Last updated on January 3, 2017
We’d been getting the threats for a while, though they started out quiet. Little comments, passive-aggressive remarks, and then a minor blow up happened, then another bigger one. The resolution of that incident was not enough, though. Even though solutions were attempted (some worked, some didn’t), it was as though we’d made no response at all.
The Black Dog of Depression had returned, and it was not going to be denied again.
I have feared its return ever since he stopped taking antidepressants last year. In fairness, they helped his mood, but he was tired all the time. Simple things wore him out, and the doctor just said “exercise more”. That wasn’t really an option – exercise depleted him even faster. He ran a 10k (trying to get that “exercise”) and slept for a full two days. Later, he described it as “not feeling good, just not feeling anything”. He had been more engaging, though, and passionate. And then he’d sleep for more than fourteen hours and wake up feeling exhausted. Instead of finding another doctor, he quit taking them. He stopped going to therapy, too.
The Black Dog started laying its final traps sometime around the beginning of September, maybe before that around mid-August. He had a fit and destroyed my art room while I was trying to build it – which was my fault because I tried to point out that he was destroying my art room? More fights happened, little ones, big ones… I got him to see a therapist with me – his therapist. Unfortunately, this guy is worse than awful and refused to call out the Black Dog at all. Instead, all the problems were a direct result of my ADD, and if I’d just take medication, everything would be fine.
Except we didn’t have insurance at that moment, and medication scares me. I’ve always handled my issues in other ways, and with remarkable success, as long as I know what they are.
But this was not about medication or not for me: this was exactly the material the Black Dog needed to trigger his big scheme. The Black Dog told my husband that I didn’t want to get better, that I was just playing along.

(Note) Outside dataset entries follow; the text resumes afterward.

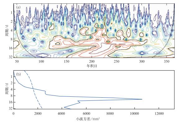 2007年的周期特征如图 6a所示,大体上呈现出与2004年类似的周期特征,只是出现强周期信号的时间向后有所推移,在2004年为年积日110d左右,2007年年积日130d左右。16~32d尺度上的强周期信号的持续时间,在2004年为年积日第150天—第250天,2007年为年积日第180天—第310天。
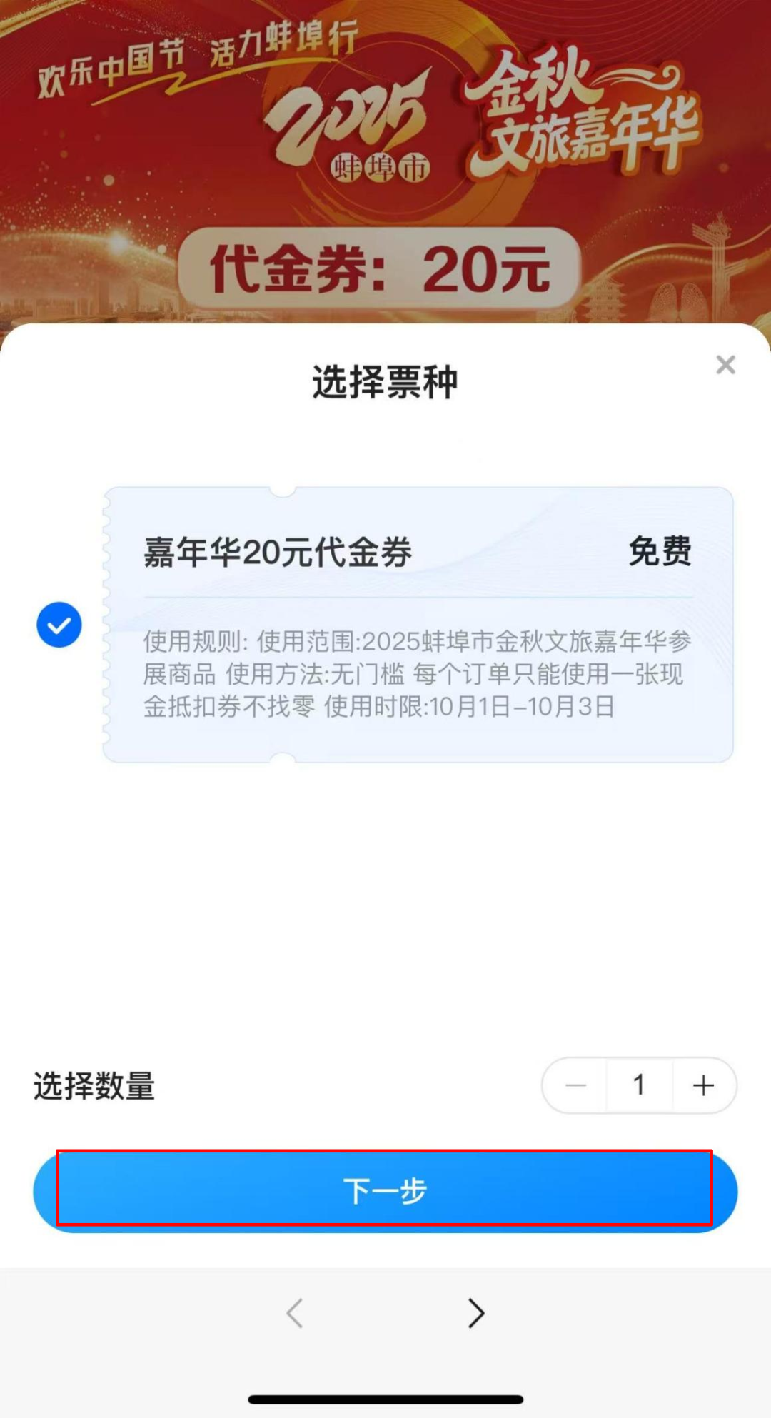 Step3:选择嘉年华20元代金券,数量默认为1,点击“下一步”
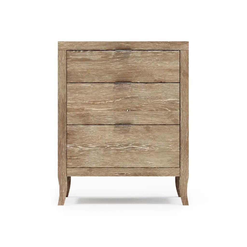The Tribeca nightstand pares traditional design to simpler lines and stunning rustic style. The details of natural wood are highlighted by the Aurum finish. Each of the three drawers has a textured metal pull tab in Barlow finish. A two-port USB charging unit is included.
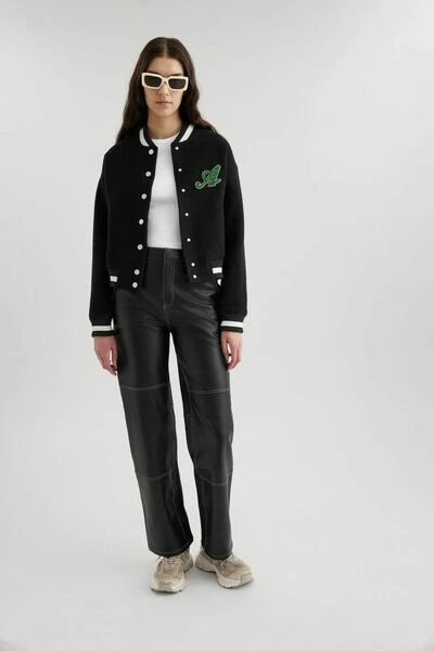 Het Off Court bomberjack is gemaakt van wol en sluit met gepolijste zilveren drukknopen. Het leent van klassieke varsity-stijlen, heeft gestreepte geribbelde boorden en is geappliqueerd met een badstof A-patch in een scriptachtig lettertype. Materiaal: Samenstelling: Buitenkant: 100% wol Voering: 100% polyester Productstijl-ID: A0466001
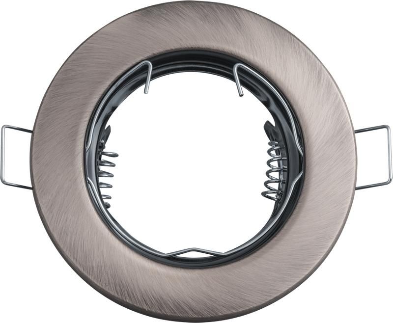Светильник точечный GU5.3 NFS 93 014 NFS-R1-004-MR16 сатин-хром устанавливается в подготовленное отверстие диаметром 80 мм. Крепится с помощью пружинных зажимов - без болтов и дополнительных крепежей. Для работы подключается напрямую к сети 230 В через обычную проводку. Учитывайте, что он не совместим с диммерами - яркость нельзя изменить. Монтаж возможен только в сухих помещениях из-за класса защиты IP20.
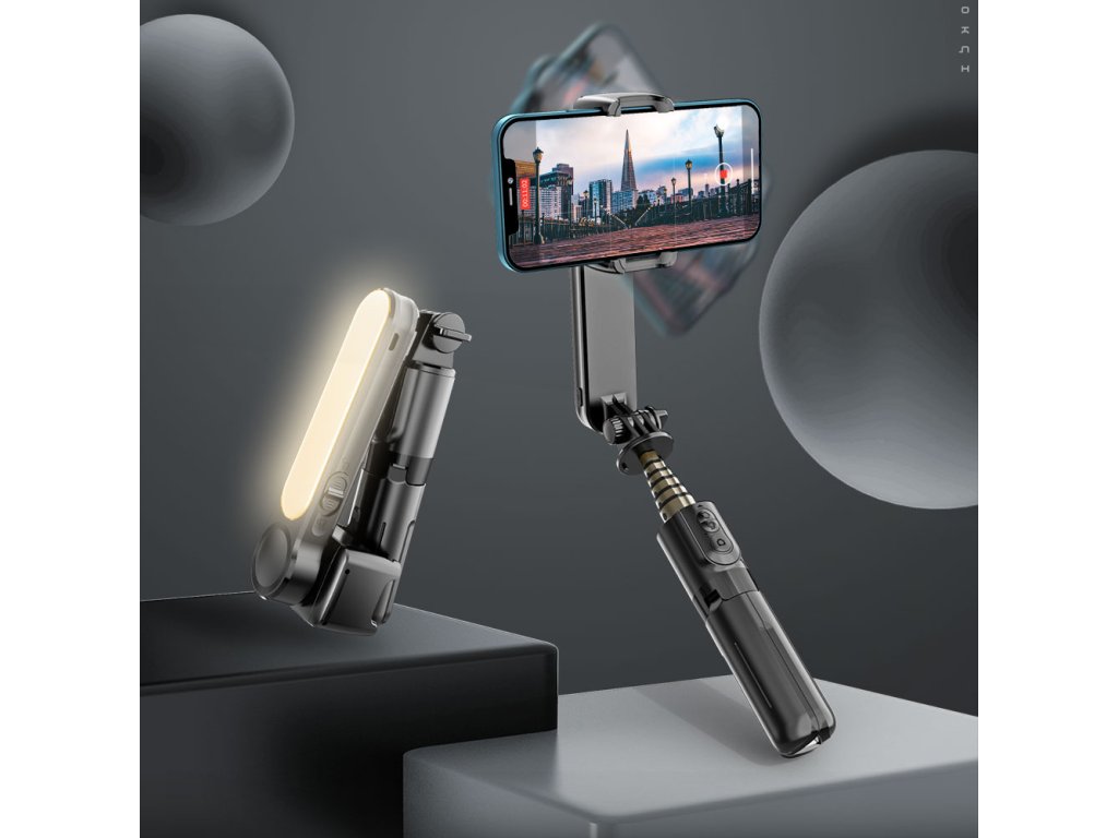 Selfie tyč (L09) - dálkové ovládání Bluetooth, držák na stativ a stabilizátor gimbalu - černá

Thanksgiving was sheer hell for me. My husband asked for a turducken, and that sounded like fun, so I started looking for one. None of them came wheat-free, so I decided to make one. I looked up recipes, I got everything put together and set up, and while it took literally three days of cooking (and cleaning, and working at my actual real job) to get the meal ready to serve, it was worth it.
No, it wasn’t. Okay, maybe it was. Everyone else loved it – his mom and his brothers and the rest of the family – but him? I didn’t even get a “thank you” or a “that tastes great”. He went to bed early, leaving me to clean up in addition to all the cooking, ignored me viciously, and then just made shitty comments whenever it was brought up.
I have never felt so dejected and hurt in my life. Thanksgiving, the day we’re meant to examine our gratitude, and I cried myself to sleep yet again because the man I created this brilliant feast for couldn’t even give me the fucking time of day. He got up from the bed when I went in there to go to sleep, and then played video games all night, crashing on the couch.
He did that for weeks.
Christmas wasn’t much better, except that the kids were there – his and mine. The fights were horrific, and I had to stand him down when he tried to leave with the boys. I’ll take a punch rather than let him put the kids in the car while he’s that angry. I thought we’d negotiated by the end of that scene some kind of cease fire, some sort of opening statement for peace talks, but it was a ruse.
As soon as the kids were all gone again, the Black Dog came back even harder, snarling, dripping ichor-like saliva, reeking of decay and putrid gangrenous rot. The work that I’d been doing, the adjustments I’d been making, the things I’d been building were literally impossible goals. They were designed to create perpetual failure on my part, and not because my work would never be good enough but because my husband would never be allowed to see them.
The fucking beast says that I don’t love him, that I never cared, that I only ever wanted him for material things. What it tells him is that anyone stupid enough to love him is beyond worthy of respect, is too stupid to love. The Black Dog knows how to play both sides, and knowing its game does nothing for me. I can see the lies that it’s telling him, but it’s already undermined his faith in me by ruining the beautiful things, by tainting the little acts of love and passion that we shared.
On New Year’s Eve, the last device was sprung, the last line crossed. Through the pushing and screaming, he’s looking at me with these eyes that are desperate, begging for relief, begging for anything to save him, tears streaming down his face. There is so much pain and agony in there, so much tragedy and sorrow, and even though I have the right medicine right here, I can’t get to him, I can’t reach him. The Black Dog has covered their tracks too well.
It took him. He’s gone. I don’t know where he is, but I keep getting “helpful” messages like where to sell the board games or how to finish our D&D campaign. “You get everything left in the house, it’s all yours.”
I don’t want everything in the house. I want my husband back. I want my Thanksgiving back, and my Christmas. I want our co-op video game sessions and our board game nights and our goofy jokes we’d send each other all day. I want those kisses back, and that touch… oh god, that touch, the only one I’ve ever received that calmed my soul and woke me up all at once. That touch is home to me, a home I might never see again.
I want a fucking Black Dog skin rug.